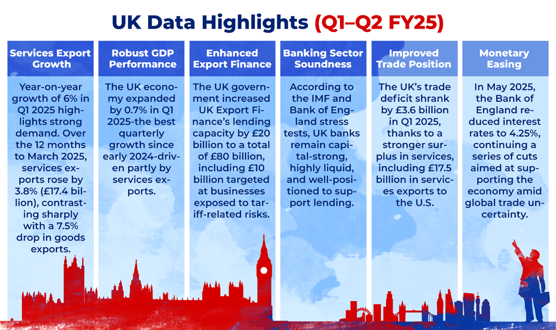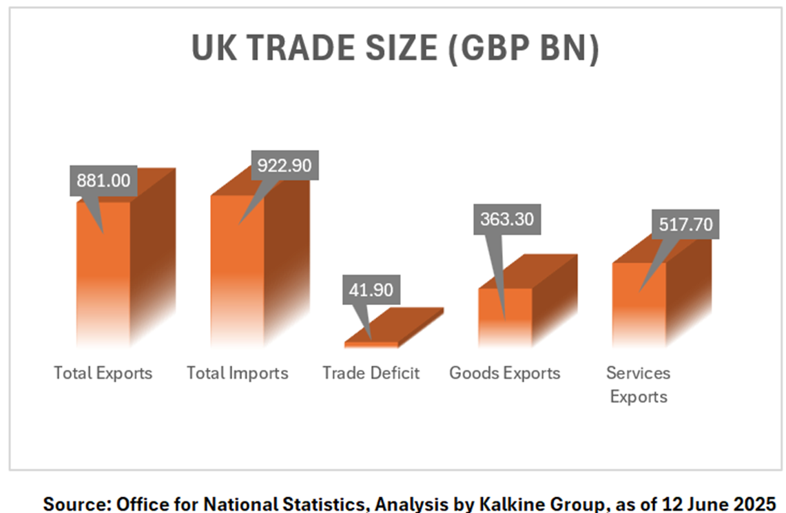 UK closed first quarter of 2025 with a trade deficit of GBP ~41.90 bn. Total exports reached GBP ~881.00 billion, while imports stood at GBP ~922.90 billion.
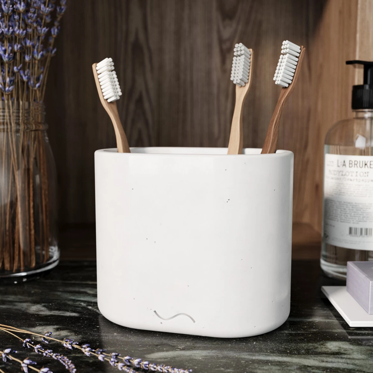 Декоративный двойной стакан для зубных щёток Astrid Duo — это лаконичный и стильный интерьерный аксессуар, изготовленный вручную из архитектурного бетона.
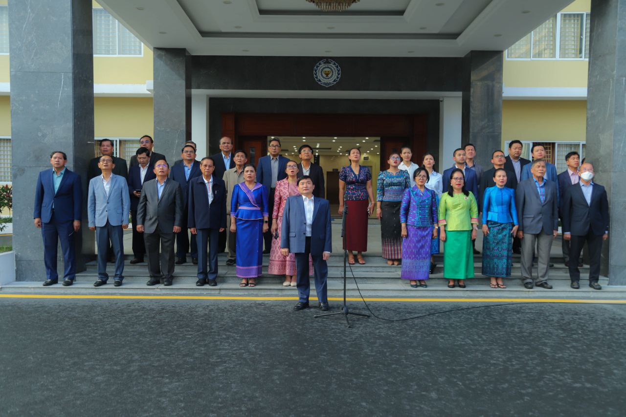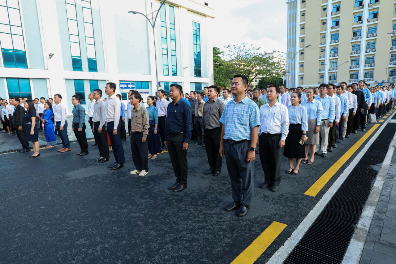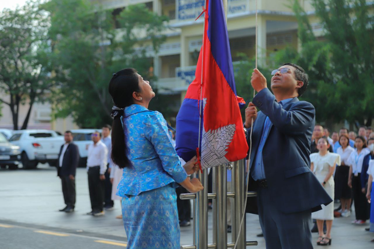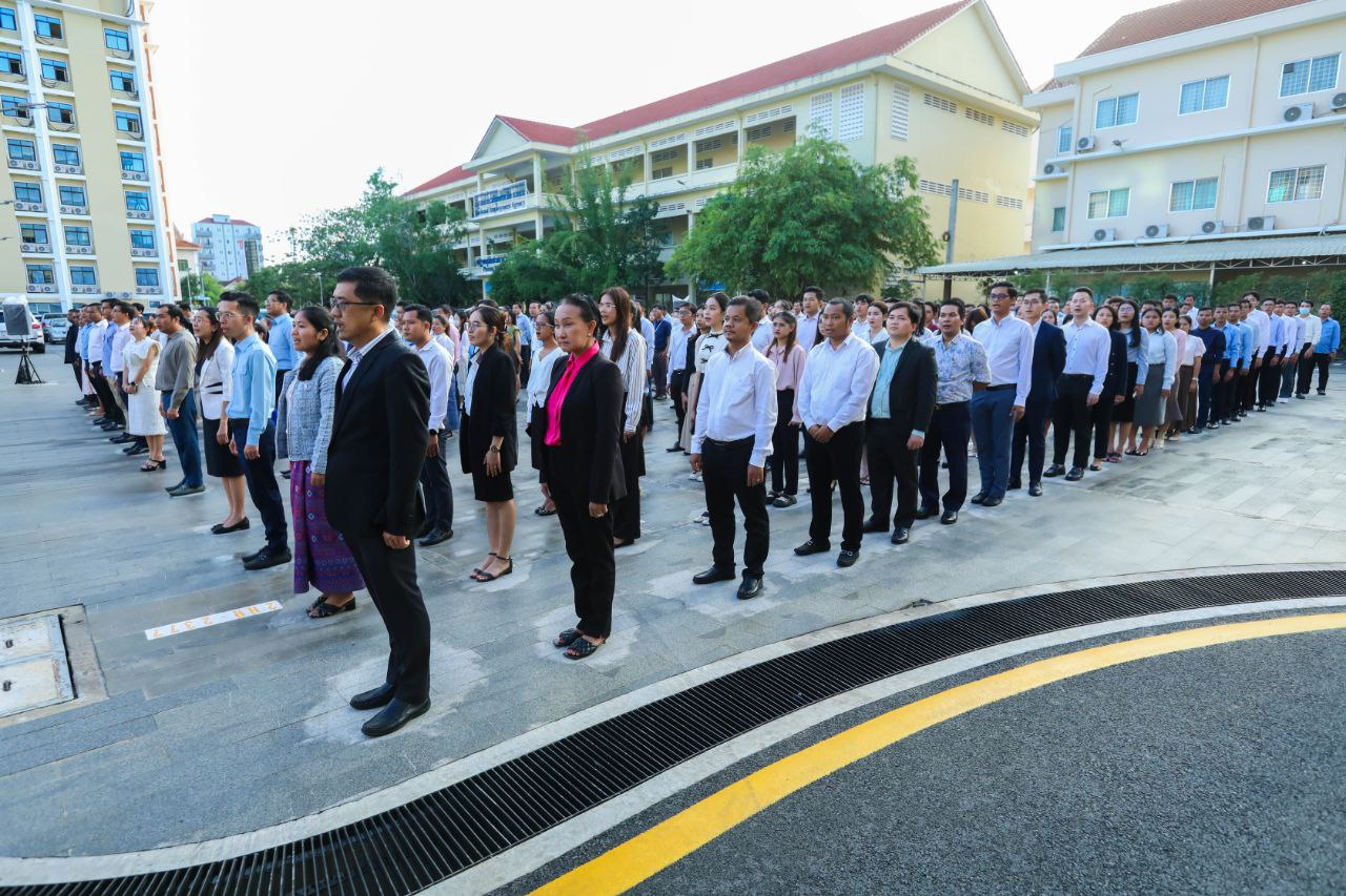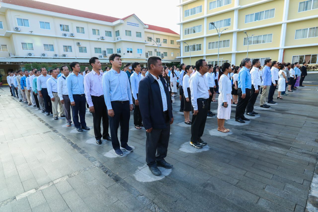 ថ្នាក់ដឹកនាំ និងមន្ត្រីរាជការនៃក្រសួងការងារ និងបណ្តុះបណ្តាលវិជ្ជាជីវៈ បានចូលរួមគោរពទង់ជាតិ នៃព្រះរាជាណាចក្រកម្ពុជា និងច្រៀងបទពង្សាវតារខ្មែរ។
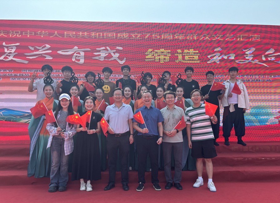 在校党委宣传部和团委的协调支持下,我校大学生文化艺术中心师生参加了向阳湖镇“强国复兴有我 缔造和美向阳”庆祝中华人民共和国成立75周年群众文艺汇演。师生们精心筹备、倾情演绎的精彩舞蹈《大河之子》与《橘颂》不仅展现了湖大学子深厚的艺术功底,更深刻传达了中华文化的独特韵味,赢得了当地干部群众的一致好评。
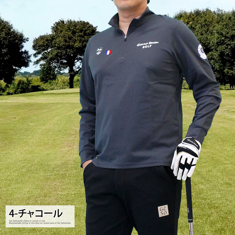ゴルフウェア メンズ ハーフジップ モックネック GIORNO SEVEN ジョルノセブン ハイネック トップス 長袖 ポロシャツ 春夏 秋冬 プリント
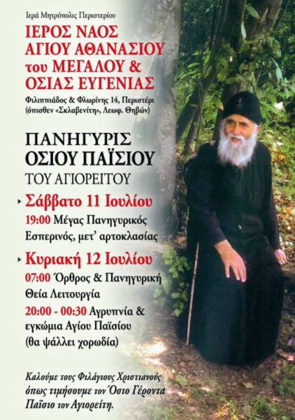 ΙΕΡΑ ΜΗΤΡΟΠΟΛΗ ΠΕΡΙΣΤΕΡΙΟΥ – Ο Ιερός Ναός Αγίου Αθανασίου του Μεγάλου και Οσίας Ευγενίας πανηγυρίζει τη μνήμη του Αγίου Παϊσίου του Αγιορείτου κατά το Σάββατο και Κυριακή 11-12 Ιουλίου 2020. Επισυνάπτεται η αφίσα της πανηγύρεως προς τιμήν του Αγίου.
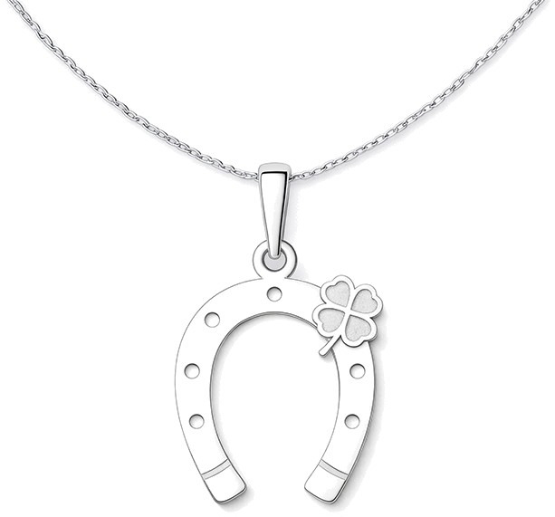 Jemný stříbrný přívěsek spojuje tradiční symboly štěstí – podkovu a čtyřlístek. Lehký a elegantní design působí nadčasově a hodí se pro každodenní nošení i jako osobní talisman, který připomíná pozitivní energii a víru v dobré věci.
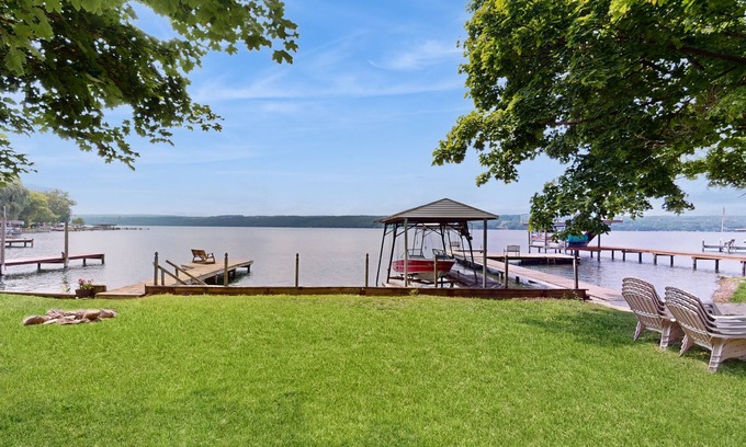 Lakefront home with large deck, dock, kayak, & gorgeous views is located in Valois. Lakefront home with large deck, dock, kayak, & gorgeous views provides accommodation, featuring Security/Safety, Fireplace/Heating, Air Conditioner, among other amenities. This House features Security/Safety, Fireplace/Heating, Air Conditioner, to make your stay a comfortable one.
----
■ **YOUR ASSIGNMENT**:
Print, exactly, each line above from the one with "ΙΕΡΑ ΜΗΤΡΟΠΟΛΗ ΠΕΡΙΣΤΕΡΙΟΥ" to the one with "Jemný stříbrný přívěsek", end lines included. Leave pictures out of it.

■ **RESULT OF THIS TASK**:
 ΙΕΡΑ ΜΗΤΡΟΠΟΛΗ ΠΕΡΙΣΤΕΡΙΟΥ – Ο Ιερός Ναός Αγίου Αθανασίου του Μεγάλου και Οσίας Ευγενίας πανηγυρίζει τη μνήμη του Αγίου Παϊσίου του Αγιορείτου κατά το Σάββατο και Κυριακή 11-12 Ιουλίου 2020. Επισυνάπτεται η αφίσα της πανηγύρεως προς τιμήν του Αγίου.
 Jemný stříbrný přívěsek spojuje tradiční symboly štěstí – podkovu a čtyřlístek. Lehký a elegantní design působí nadčasově a hodí se pro každodenní nošení i jako osobní talisman, který připomíná pozitivní energii a víru v dobré věci.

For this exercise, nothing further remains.